Look below for the line with "General Snus -pins", then repeat it and all lines after it, exactly, minus any pictures.

(Raw data):

________________________

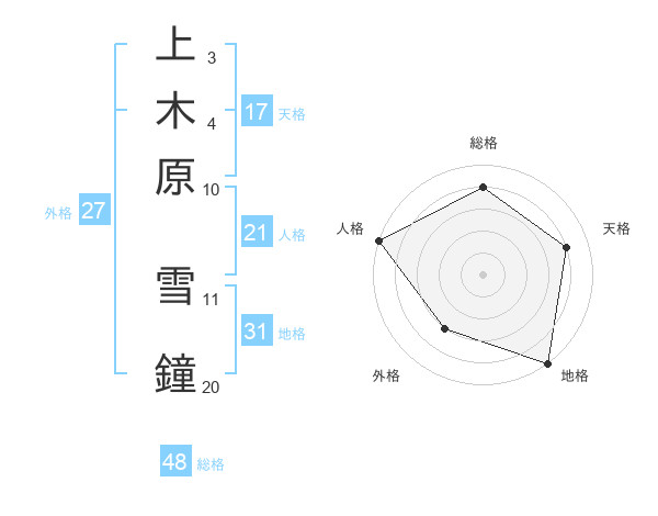 上木原 雪鐘さんの天格は17画の4点!
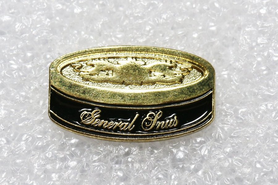 General Snus -pins med butterfly clutch/pinslås enl. bild. Dels emaljerat.
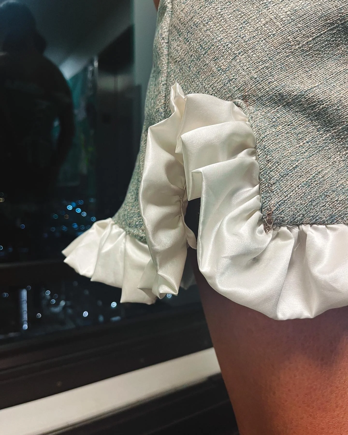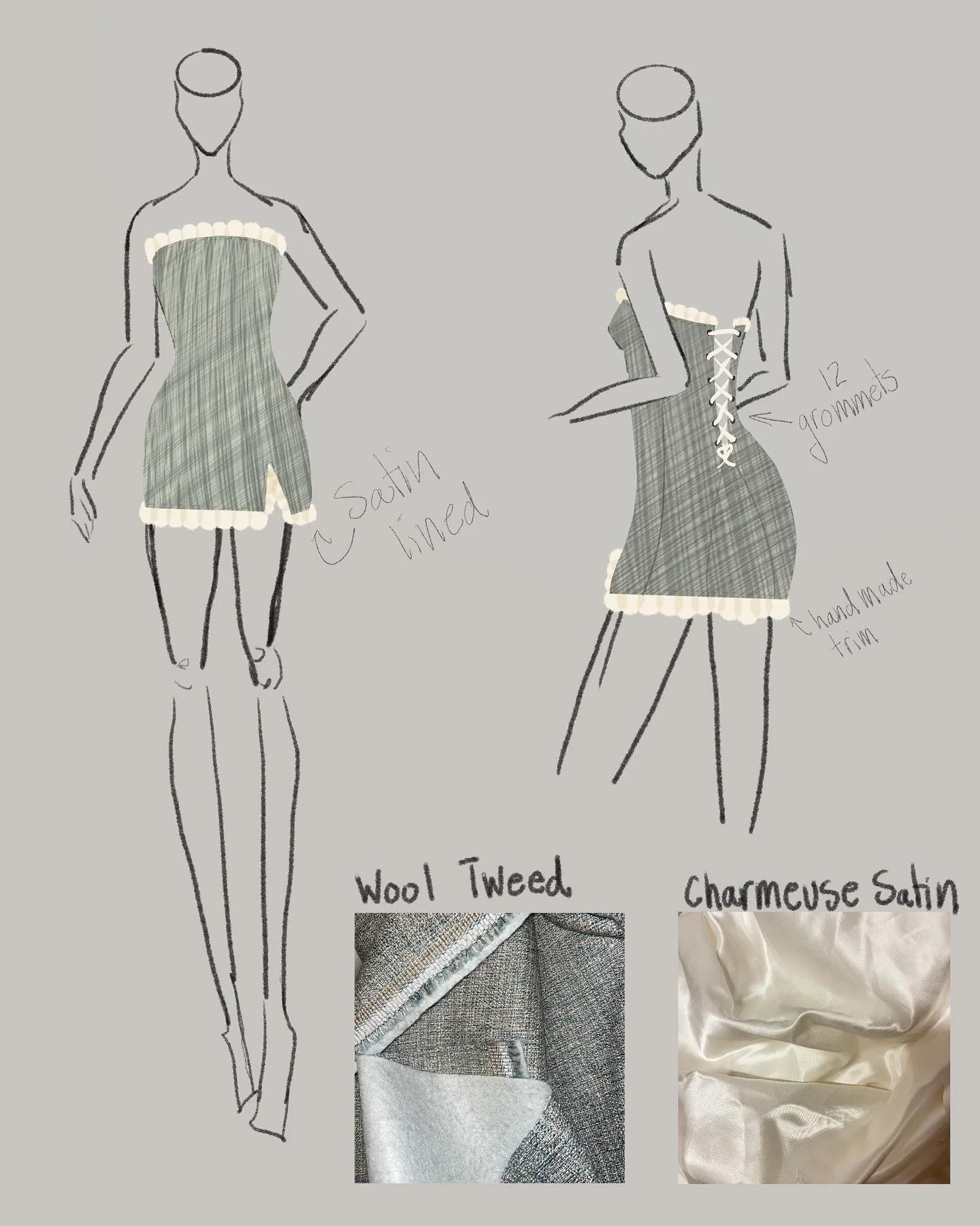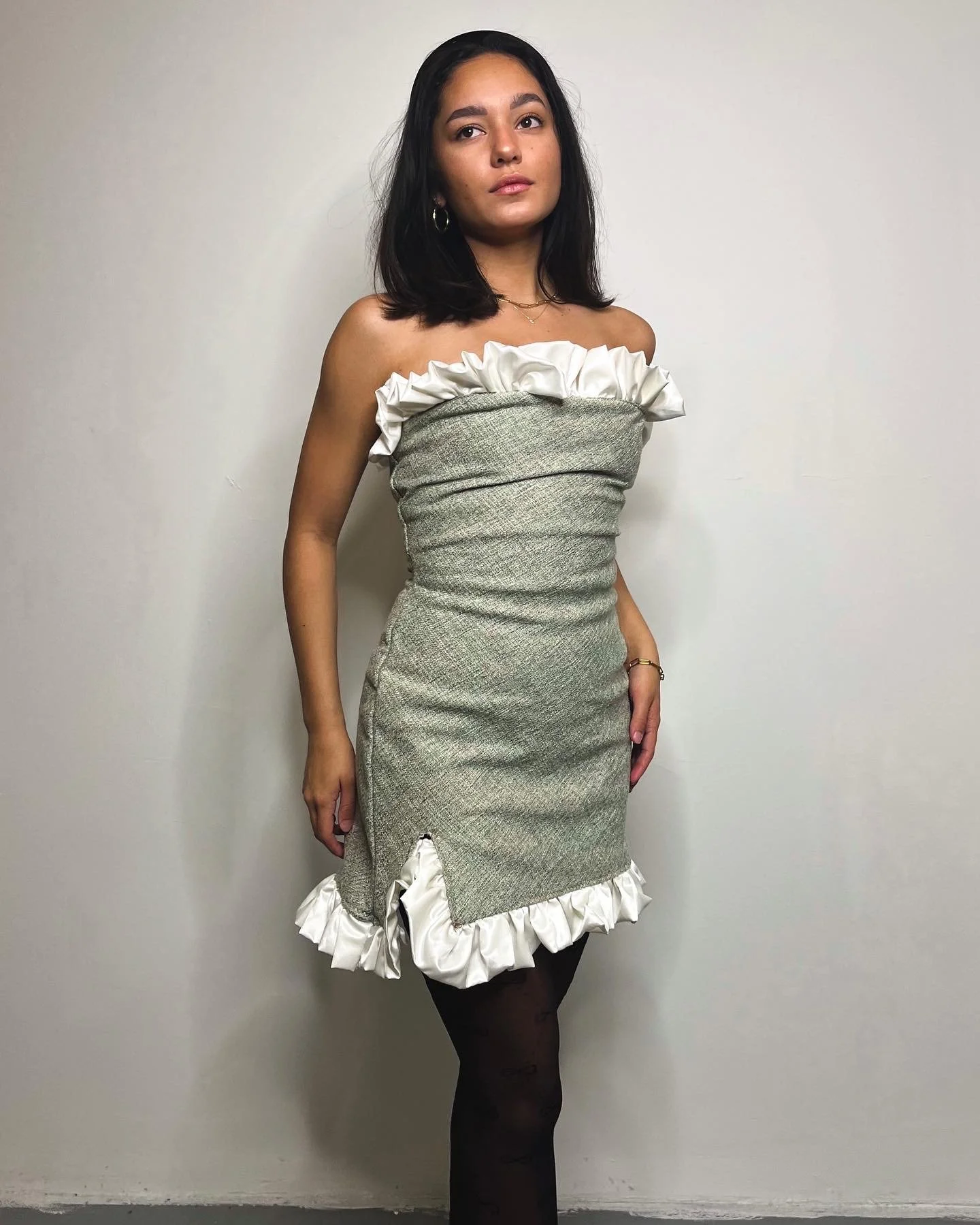 Tweed mini dress with charmeuse satin lining and ruffle detailing and lace up back closure with silver gromets.

________________________

(Result of the task):
 General Snus -pins med butterfly clutch/pinslås enl. bild. Dels emaljerat.
 Tweed mini dress with charmeuse satin lining and ruffle detailing and lace up back closure with silver gromets.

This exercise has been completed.